Substituting this back into (44) and by Assumption 4,

$$\begin{aligned}&\vert {\mathbb {P}}[{\hat{X}}_s \in A, \tau _{{\mathcal {C}}} \le T_b] - \pi (A) {\mathbb {P}}[\tau _{{\mathcal {C}}} \le T_b] \vert \nonumber \\&\quad \le \sup _{y \in {\mathcal {C}}}{\sum _{t=0}^{s-1} \delta (t) ((1-\alpha )^{s-t-1} V(y) + \beta /\alpha )} + R \gamma ^{s-T_b-1} \end{aligned}$$
(45a)
$$\begin{aligned}&\quad \le \sum _{t=0}^{s-1} \delta (t) ((1-\alpha )^{s-t-1} 4 \beta /\alpha + \beta /\alpha ) + R \gamma ^{s-T_b-1} \end{aligned}$$
(45b)
$$\begin{aligned}&\quad \le \delta (0) 5 s \beta /\alpha + R \gamma ^{s-T_b-1}. \end{aligned}$$
(45c)

To bound the second term in (44), recall from Assumption 4 that

$$\begin{aligned}&{\mathbb {E}}[V({\hat{X}}_{t+1}) {\mathbf {1}}_{\tau _{{\mathcal {C}}}> t} \vert {\mathcal {F}}_t] \\&\quad \le ((1-\alpha )V({\hat{X}}_t) + \beta ) {\mathbf {1}}_{V({\hat{X}}_t)>4 \beta /\alpha } \\&\quad \le \left( 1-\frac{3\alpha }{4}\right) V({\hat{X}}_t) + \left( \beta - \frac{\alpha }{4} V({\hat{X}}_t)\right) {\mathbf {1}}_{V({\hat{X}}_t)>4 \beta /\alpha } \\&\quad \le \left( 1-\frac{3\alpha }{4}\right) V({\hat{X}}_t) + \left( \beta - \frac{\alpha }{4} \frac{4 \beta }{\alpha }\right) {\mathbf {1}}_{V({\hat{X}}_t)>4 \beta /\alpha } \\&\quad \le \left( 1-\frac{3\alpha }{4}\right) V({\hat{X}}_t) \end{aligned}$$

for all \(t \ge 0\).
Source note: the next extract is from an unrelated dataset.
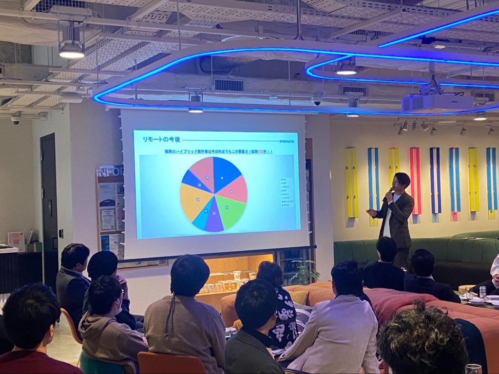 福岡で行われた「市場感トーーーーク」は、地方創生の取り組みに力を入れている地方営業部の新井が、地方と首都圏での案件の比較や地方のIT人材不足、今後日本に定着するであろう働き方などを解説。「地方×フルリモートの今後の展望について聞くことができ、参考になった」「説明がわかりやすく、市場動向を知ることができる機会になった」という声が集まりました。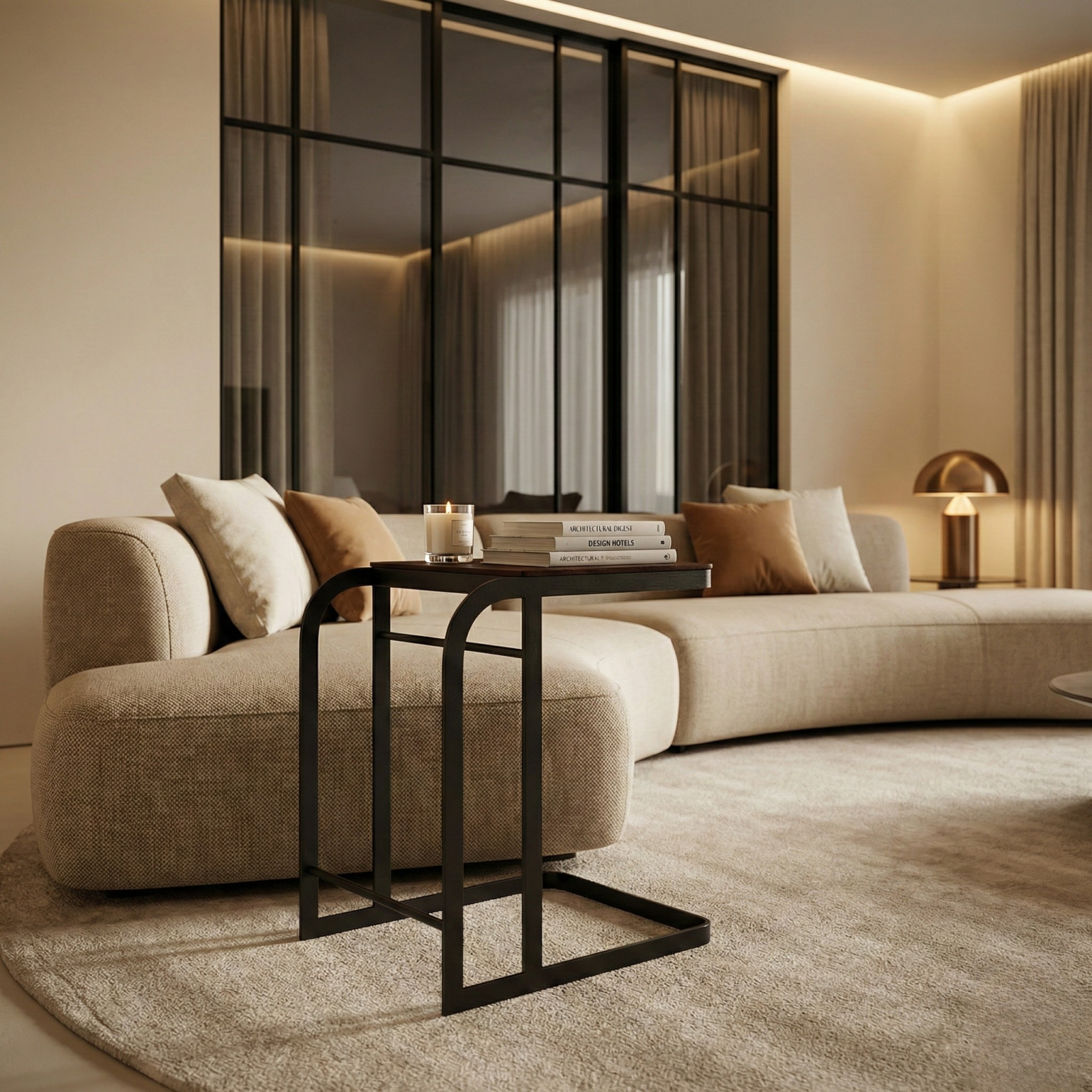Foxlite Side Table pairs a quiet architectural frame with a refined wood surface, creating a side table that feels light in the room yet purposeful in use. The continuous metal profile forms a clean, rounded outline, while the open base allows the table to tuck in close to sofas, lounge chairs, or bedsides.

Iterating, we find by induction on t that

$$\begin{aligned} {\mathbb {E}}[V({\hat{X}}_{t}) {\mathbf {1}}_{\tau _{{\mathcal {C}}} > t}] \le \left( 1-\frac{3\alpha }{4}\right) ^{t} V({\hat{X}}_0) = \left( 1-\frac{3\alpha }{4}\right) ^{t} V(x). \end{aligned}$$

Thus, by Markov’s inequality,

$$\begin{aligned} {\mathbb {P}}[\tau _{{\mathcal {C}}}>T_b]= & {} {\mathbb {P}}\left[ V({\hat{X}}_{\tau _{{\mathcal {C}}}}) {\mathbf {1}}_{\tau _{{\mathcal {C}}}> T_b}>\frac{4 \beta }{\alpha } \right] \nonumber \\\le & {} \frac{\alpha }{4 \beta }\left( 1-\frac{3\alpha }{4}\right) ^{T_b} V(x). \end{aligned}$$
(46)

Combining (45) and (46), we have shown that

$$\begin{aligned}&\vert {\mathbb {P}}[{\hat{X}}_s \in A] - \pi (A) \vert \le \delta (0) \frac{5 s \beta }{\alpha } + R \gamma ^{s-T_b-1} \nonumber \\&\quad + \frac{\alpha }{4 \beta }\left( 1-\frac{3\alpha }{4}\right) ^{T_b} V(x). \end{aligned}$$
(47)

Finally, we can choose \(T_b\). Set

$$\begin{aligned} T(s) = \max {\{t : R \gamma ^{s-t-1}, \frac{\alpha }{4\beta }\left( 1-\frac{3\alpha }{4}\right) ^{t} V(x) \le \frac{1}{2}\delta (0)\}} \end{aligned}$$

and define \(T_b = \lfloor T(s) \rfloor \) when \(0< T(s) < \infty \) and \(T_b = 0\) otherwise. Define \(S=\min {\{s : T(s) \in (0, \infty )\}}\). Noting that \(S = \varTheta (\log {(\delta (0)^{-1})}+\log {(V(x))})\) for fixed \(\alpha \), \(\beta \), R, and \(\gamma \) completes the proof. \(\square \)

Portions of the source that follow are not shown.